» **Task item**:
When a line in the listing below contains the word "bomb", return a copy of that line.

» **Task input**:
☆ ☆ ☆ ☆ ☆

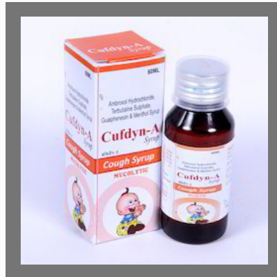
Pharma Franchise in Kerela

☆ ☆ ☆ ☆ ☆

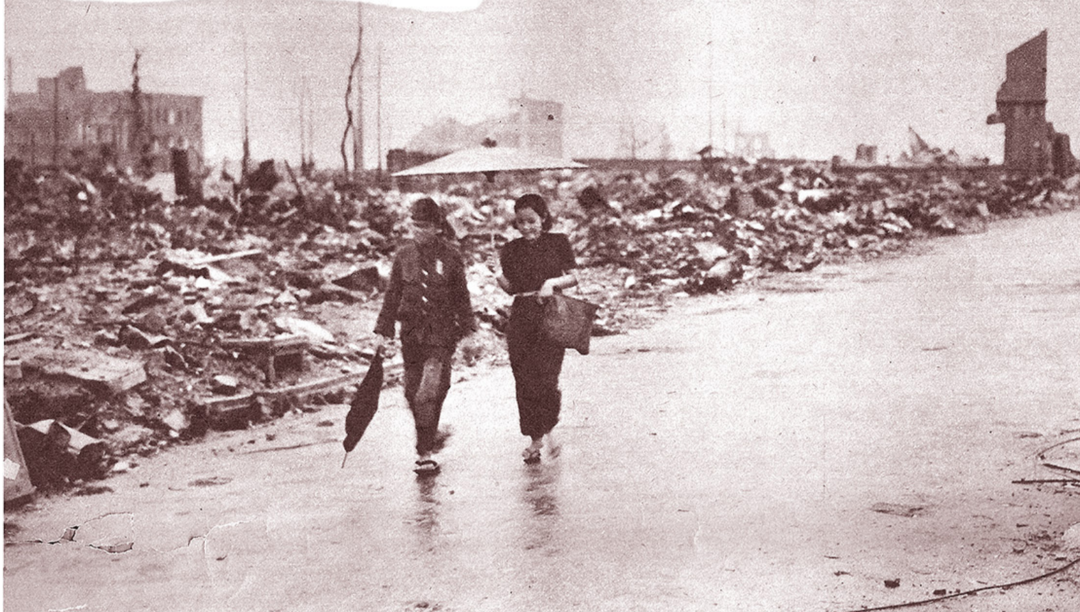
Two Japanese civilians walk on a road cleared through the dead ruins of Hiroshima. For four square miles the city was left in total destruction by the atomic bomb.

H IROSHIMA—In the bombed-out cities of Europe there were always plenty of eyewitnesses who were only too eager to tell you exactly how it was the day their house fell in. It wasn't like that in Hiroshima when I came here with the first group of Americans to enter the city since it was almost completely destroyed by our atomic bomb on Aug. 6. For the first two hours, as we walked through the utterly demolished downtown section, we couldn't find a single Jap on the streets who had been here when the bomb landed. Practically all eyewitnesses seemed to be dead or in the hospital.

☆ ☆ ☆ ☆ ☆

» **Answer area**:
Two Japanese civilians walk on a road cleared through the dead ruins of Hiroshima. For four square miles the city was left in total destruction by the atomic bomb.
H IROSHIMA—In the bombed-out cities of Europe there were always plenty of eyewitnesses who were only too eager to tell you exactly how it was the day their house fell in. It wasn't like that in Hiroshima when I came here with the first group of Americans to enter the city since it was almost completely destroyed by our atomic bomb on Aug. 6. For the first two hours, as we walked through the utterly demolished downtown section, we couldn't find a single Jap on the streets who had been here when the bomb landed. Practically all eyewitnesses seemed to be dead or in the hospital.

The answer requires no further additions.